▸ SUPPLIED ENTRIES:
━━━━━━━━━━━━━━━━
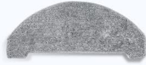
Mop Cloth *2
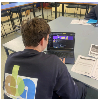
Creatives in Business Academy (CBA) students learning to monetise their creative interests!
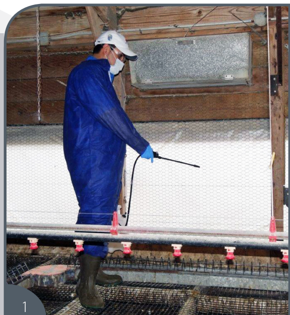
1 Non-residual insecticide application.
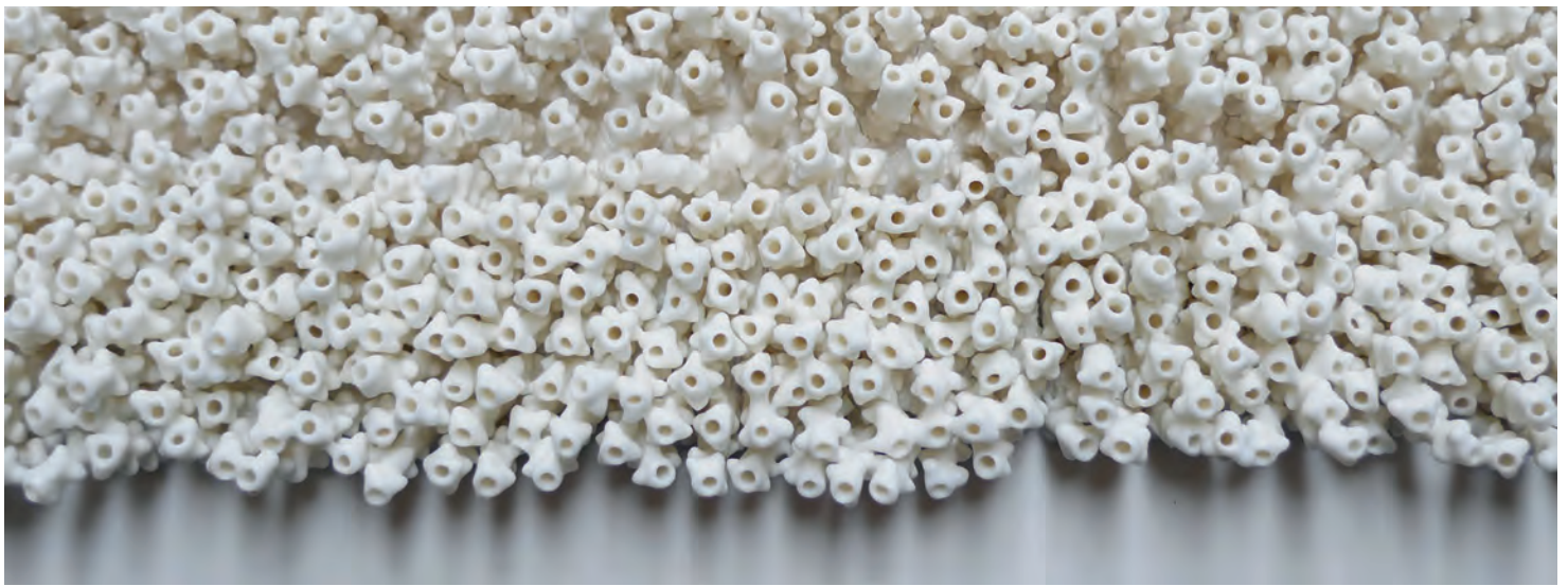
On The Road (Retail) : Porcelain
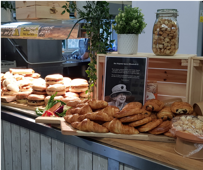
Breakfast pastries and bacon and sausage rolls
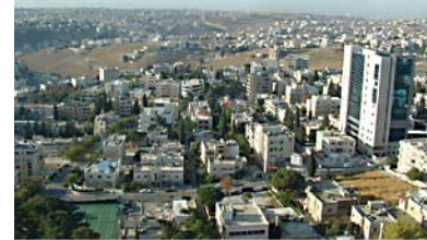
Aerial view of Amman

Jordan's capital, Amman, has grown substantially in the last 100 years. Although it was the ancient Ammonite capital and centuries later a Roman city named Philadelphia, by the 19th century it was little more than a village with several hundred residents. Waves of refugees, first Circassians from the Caucasus in the 19th century and then Palestinians in the 20th century, added new life to the city. Today Amman is Jordan's political and economic heart and is home to more than 1 million people. 31, 32
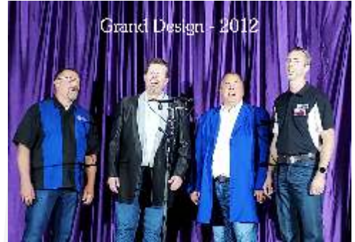
Grand Design - 2012
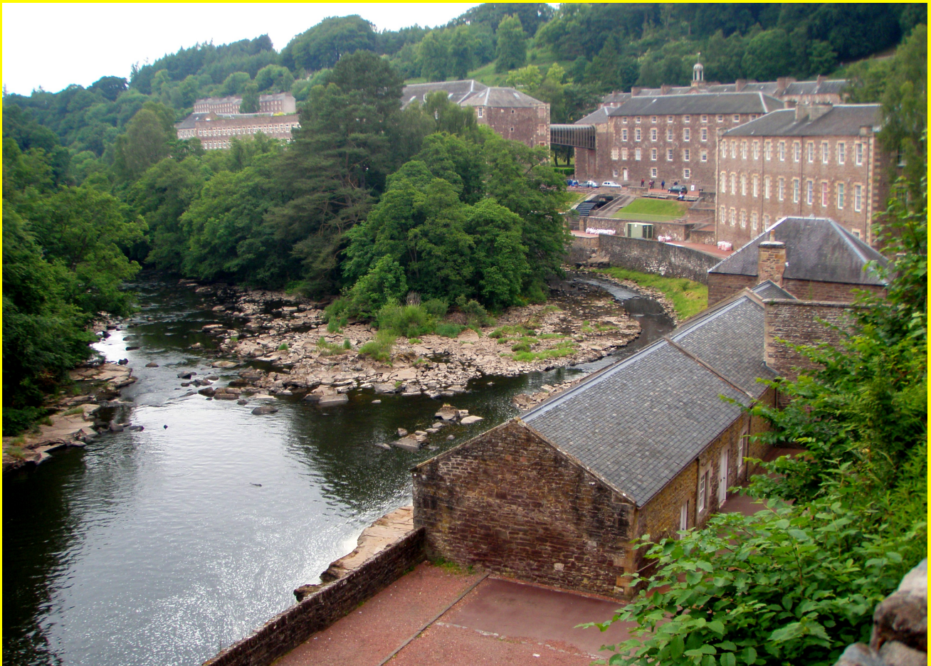
New Lanark, South Lanarkshire, Scotland
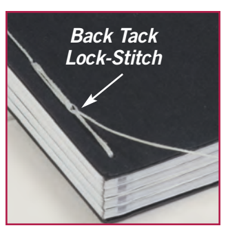
Book block up to one inch thick
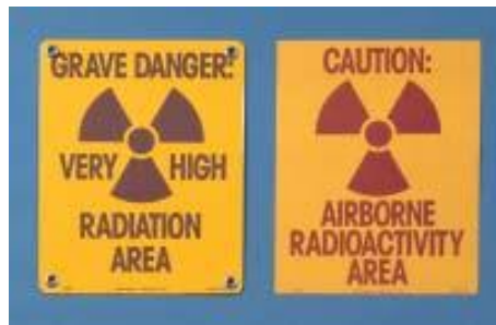
Cardboard (Model 09-567) and steel (Model 09-667)

Fluke Biomedical has a wide selection of warning signs, labels, tags, and tapes that follow the NRC and Agreement States recommended wording, symbols, size, and colors for such products.
━━━━━━━━━━━━━━━━
▸ TRY IT: Set down, exactly as written above, each line from the one with "1 Non-residual insecticide application." through the one with "Aerial view of Amman", and skip the pictures.

▸ EXPECTED ANSWER:
1 Non-residual insecticide application.
On The Road (Retail) : Porcelain
Breakfast pastries and bacon and sausage rolls
Aerial view of Amman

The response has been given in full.